Alma mater, alma mater! Нынешнее поколение, с широкими теориями воспитания, может находить недостатки в тебе. Но ты все таки настоящая мать, строгая и неумолимая, как та древняя матрона, которая принесла первый камень против сына своего Павзания; строгая и неумолимая, говорю, к недостойному, но полная величественной нежности к достойному.

Для молодого человека, отправляющегося в Кембридж (не говорю об Оксфорде, ничего о нем не зная) только в силу рутины, для того, чтобы как нибудь проболтаться три года до степени между и οἱ πολλοὶ, – для такого, сама Оксфордская улица, к которой так немилосердо обращается бессмертный Opium-eater[18]18
  Сочинение главного критика, Кенси(M. de Quincy).


[Закрыть]
 – мать беззаботная и с каменным сердцем. Но тому, кто хочет читать, кто хочет заниматься, воспользоваться предоставляемыми ему выгодами, рассудительно выбирать друзей, отличать, в этом обширном брожении юной мысли в её цветущей силе, дурное от хорошего, тому – полная возможность собрать в эти три года плоды не преходящие; и три года будут истрачены благородно, хотя бы и нужно было перейти мост Ослов, чтобы попасть в храм Славы.
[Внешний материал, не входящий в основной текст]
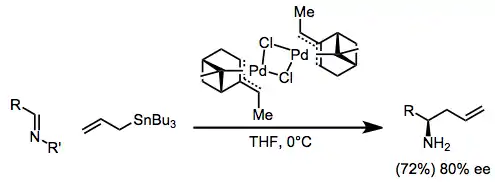 Imines are less reactive than the corresponding aldehydes, but palladium catalysis can be used to facilitate addition into imines.[14] The use of iminium ions as electrophiles has also been reported.[15]

Важные перемены объявлены недавно в академической системе, и особенные отличия обещаны успешным ученикам по части наук моральных и естественных. Рядом с древним троном башни Мафезис, поставлено два весьма полезных Вольтеровские кресла. Я не имею против этого никакого возражения, но в трех годах такой жизни не столько, по-моему, важно то, чему выучишься, сколько эта упорная настойчивость выучиться чему-нибудь.

Счастливо было для меня, с одной стороны, что я несколько узнал жизнь действительную, столичную, и прежде нежели вступил в подражание ей, жизнь затворническую. То, что в последней называлось удовольствием и что бы соблазнило меня, попади я в нее прямо из школы, – теперь не имело для меня прелести. Сильно пить и играть в большую игру, какая-то смесь грубости и неистовства, – вот в чем было занятие праздных, когда я был в университете, sub consulo Planco, когда Вордсвортс был главным начальником коллегиума Троицы: теперь это, быть может, изменилось.
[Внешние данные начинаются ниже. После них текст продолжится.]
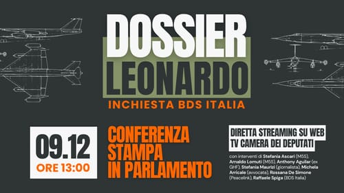 Martedì 9 dicembre, su invito della deputata Stefania Ascari (M5S, Presidente dell'Intergruppo per la Pace tra la Palestina e Israele), BDS ITALIA presenterà un dossier sulle complicità di Leonardo S.p.A. nei crimini di guerra commessi in Palestina.

Но я уже пережил все эти искушения и естественным образом был выброшен из общества праздных и должен был попасть в круг трудолюбивых.

Однако, говоря откровенно, не было у меня уже прежней любви к книгам. Если мое сближение с большим светом ослабило искушение ребяческих излишеств, за то и увеличило мое прирожденное стремление к практической деятельности. И увы! на смех всему добру, которое извлек из Роберта Галль, были времена, когда воспоминания делались до того тяжки, что я был вынужден бежать из одинокой горницы, называемой икусительными видениями, и гнать лихорадку сердца утомлением тела. Пыл, свойственный ранней юности, который она так прекрасно посвящает познанию, был преждевременно принесен на алтарь, менее священный. По этому я, хоть и работал, но работал с тем сознанием труда, которого (как узнал я в позднейшем периоде моей жизни) настоящий, торжествующий труженик науки не знает никогда. Наука, это мраморное изваяние, согревается до жизни, не работою резца, а духом ваятеля. Механический работник находит только безгласный камень.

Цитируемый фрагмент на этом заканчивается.